Fehlt noch die Zeit dafür, sich das in den Basisgruppen, in den Zusammenschlüssen und den Vorständen der Partei systematisch anzueignen. Es ist aber ein Fehler, sich das nicht anzueignen, weil damit soziale und ökonomische Zusammenhänge nicht ausreichend verstanden werden und politische Möglichkeiten auch von großen Bündnissen ungenutzt bleiben. Eine gute, erfolgreiche politische Praxis bedarf eben auch einer soliden theoretischen Basis, einer brauchbaren Methode der Analyse der Verhältnisse.
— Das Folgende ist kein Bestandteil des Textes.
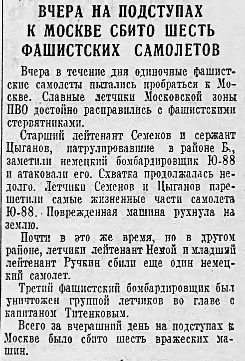 Вчера на подступах к Москве сбито шесть фашистских самолетов
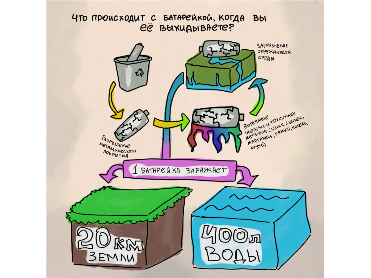 Со временем корпус батарейки разрушается, и наружу могут выйти содержащиеся в ней тяжелые металлы, щелочь. Поступая в почву, грунтовые воды, они затем попадают в водоемы и организм человека. Один из самых неприятных компонентов батарейки старого образца (в основном выпускались до 2001 года) — ртуть. Годами накапливаясь в тканях, она нередко становится причиной заболеваний нервной системы, дыхания, суставов, печени, почек.
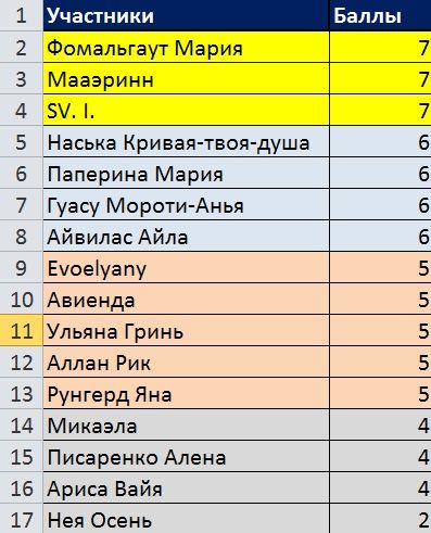 Желтым — первое место, голубым — второе, рыжим — третье.
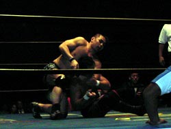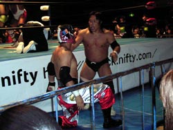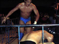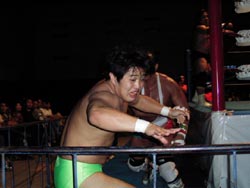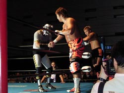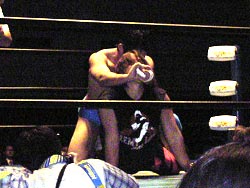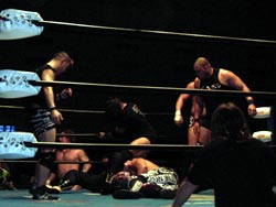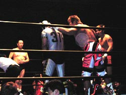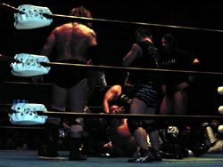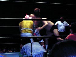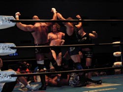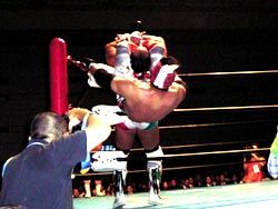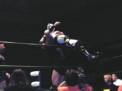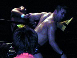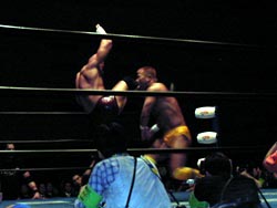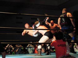 武藤がギガンテスにパワーボムを!
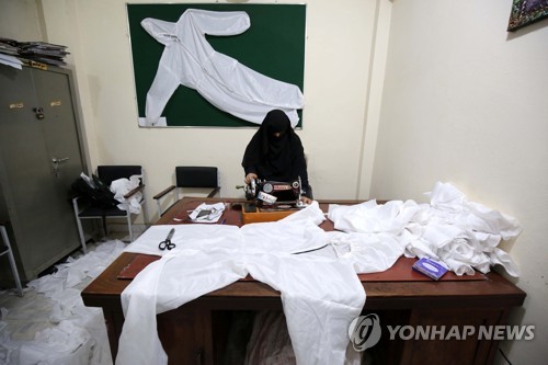 A worker stitch protective suit at a small factory amid the ongoing coronavirus COVID-19 pandemic in Peshawar, Pakistan, 13 April 2020. Countries around the world are taking increased measures to stem the widespread of the SARS-CoV-2 coronavirus which causes the COVID-19 disease. EPA/ARSHAD ARBAB

Ich beziehe mich dabei auf die Kritik der politischen Ökonomie von Karl Marx und Friedrich Engels. Eine bessere Analyse der kapitalistischen Produktionsweise, des Charakters der produzierten Werte und Waren und der Beziehungen zwischen Kapital und Arbeit gibt es meines Erachtens nicht (https://dietzberlin.de/produkt/das-kapital-kritik-der-politischen-oekonomie/).
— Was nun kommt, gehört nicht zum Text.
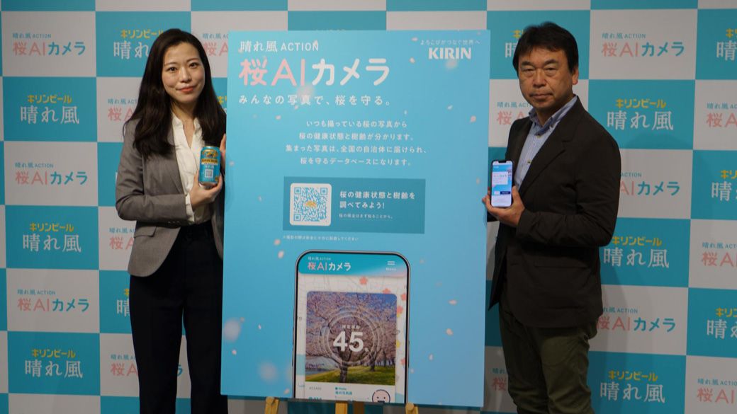 記事に戻る スマホで桜の健康診断──キリンビールの挑戦 「お花見文化」を未来へつなぐ、市民参加型のデータ収集プロジェクトの写真一覧 キリンのビールブランド「晴れ風」から「桜AIカメラ」というWebサービスが登場した(筆者撮影) 1/7 下に画像が続きます キリンビール マーケティング部の塩田梨沙氏(左)と日本樹木医会副会長の和田博幸氏(筆者撮影) 2/7
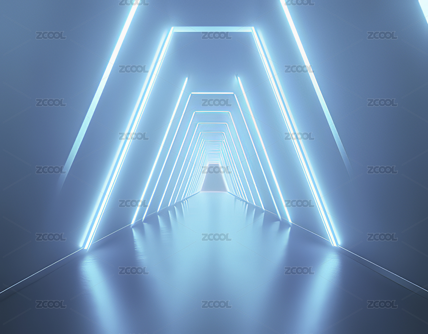 蓝色光隧道延伸至远方
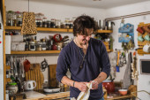 Zdjęcie "człowiek cięcia czerwony papryka w kuchni" może być wykorzystywane do celów osobistych i komercyjnych zgodnie z warunkami zakupionej licencji Royalty-free. Obraz jest dostępny do pobrania w jakości wysokiej rozdzielczości do 5760x3840.
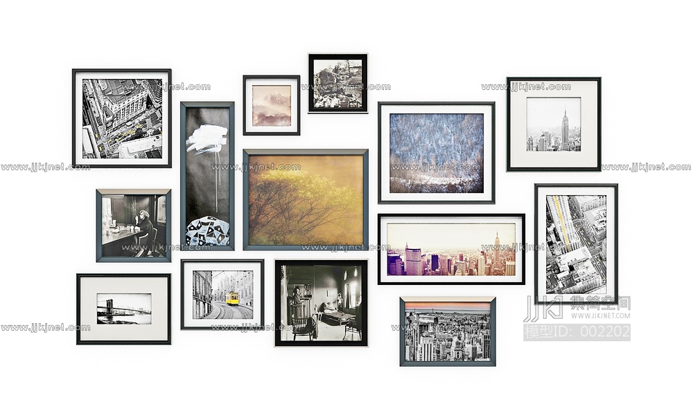 北欧现代装饰画挂画黑白照片墙 3d模型下载 [模型ID:2202]
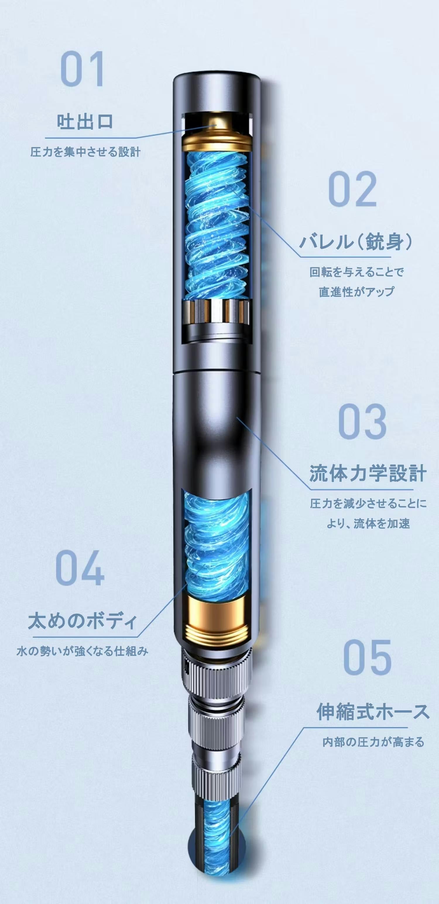 ホースの高い伸縮性により、自然な動力が生まれ、ノズル内のタービンが水流を加速します。水が渦を巻くことで水圧も向上します。

Aus dieser Analyse kann zum Beispiel abgeleitet werden, dass die Produktivitätsentwicklung ein entscheidender Faktor für die gesellschaftliche Entwicklung ist. In dem Maße, wie die Produktivität einer Gesellschaft steigt, können Löhne erhöht und / oder Arbeitszeit reduziert werden, ohne den Gewinn zu schmälern. In der Umkehrung bedeutet es, dass, wenn Produktivität steigt und Löhne nicht erhöht oder Arbeitszeit reduziert wird, entweder die Preise sinken oder der Profit wächst. Was die Preise betrifft, bekommen wir ja gerade ein anschauliches Beispiel von Preistreiberei. In der Regel werden Produktivitätssteigerungen für zusätzliche Gewinne verwandt.
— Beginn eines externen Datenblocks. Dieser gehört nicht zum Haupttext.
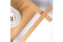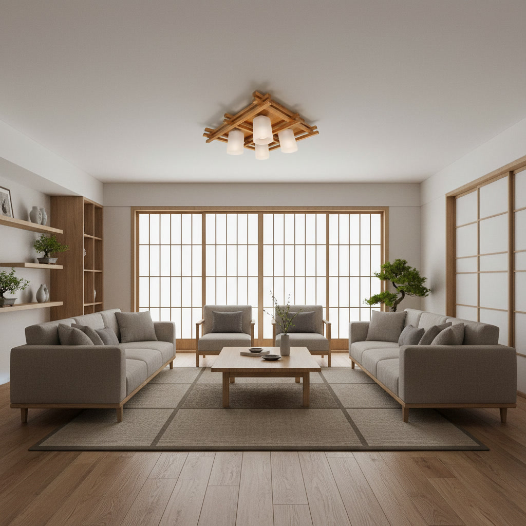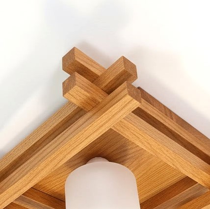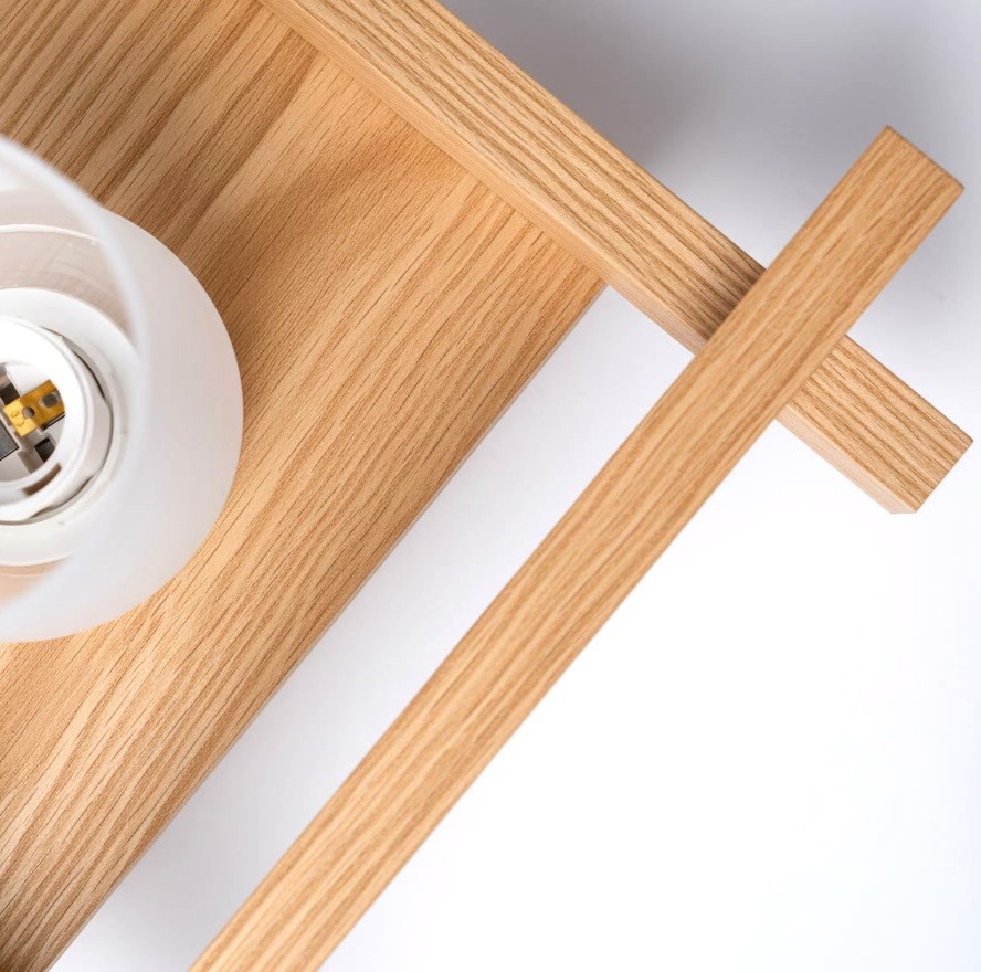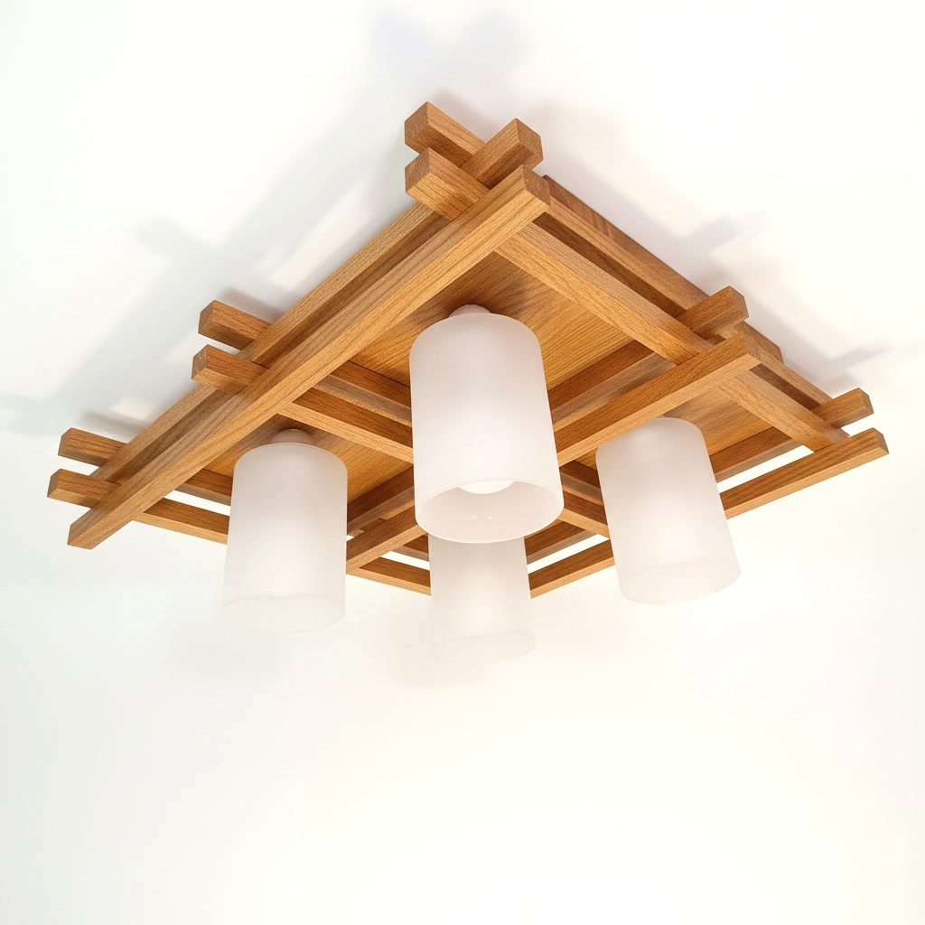 Четыре плафона обеспечивают равномерный световой поток, а матовое стекло делает освещение мягким и ненавязчивым. Деревянная рамочная конструкция из дубовых брусков создаёт выразительный ритм и подчёркивает архитектурную строгость формы.

Das lässt sich auch mit der Volkswirtschaftlichen Gesamtrechnung1 sehr schnell nachweisen: Die gesamtgesellschaftliche Produktivität steigt um ca. 1,5 Prozent im Jahr – tendenziell sinkend und mit großen Differenzen zwischen Industrie und z.B. dem Gesundheits- und Bildungswesen. Aber auch in diesen Bereichen gibt es einen Produktivitätsschub durch die Digitalisierung. In 10 Jahren macht das dann kumuliert schon fast 20 Prozent aus. Um diesen Prozentsatz hätten Reallöhne erhöht oder die Arbeitszeit bei gleichbleibendem Lohn reduziert werden können, ohne dass die Profite weniger geworden wären. Tatsächlich sind die Reallöhne in den letzten 10 Jahren aber nur um ca. 10 Prozent gestiegen und die Arbeitszeiten sind eher verlängert als verkürzt worden. Die Einkommen von Selbständigen stiegen demgegenüber um fast 50 Prozent auf durchschnittlich 14.600 Euro pro Monat. Diese Entwicklung lässt sich auch für längere Zeiträume beobachten. Augenscheinlich stimmt es, dass die Armen ärmer und die Reichen reicher werden. Das wird auch an der Arbeitszeit sichtbar. Während die Anzahl der Arbeitnehmerinnen und Arbeitnehmer zunimmt („Erwerbsneigung“ und Zuwanderung), bleibt die Gesamtjahresarbeitszeit ziemlich konstant: 60 Milliarden Stunden Lohnerwerbsarbeit inklusive 1 Milliarde Stunden bezahlter Mehrarbeit, exklusive 1 Milliarde Stunden unbezahlter Mehrarbeit. Die durchschnittliche Jahresarbeitszeit der 40 Millionen Arbeitnehmer:innen pro Arbeitnehmer:in beträgt etwas weniger als 1.400 Stunden, darunter ca. 15 Millionen Beschäftigte in Teilzeit. Allein daraus ergibt sich, dass die Erwerbsarbeit höchst ungleich verteilt ist. Tatsächlich hat sich die Produktivität von der Entwicklung des Lebensstandards gelöst.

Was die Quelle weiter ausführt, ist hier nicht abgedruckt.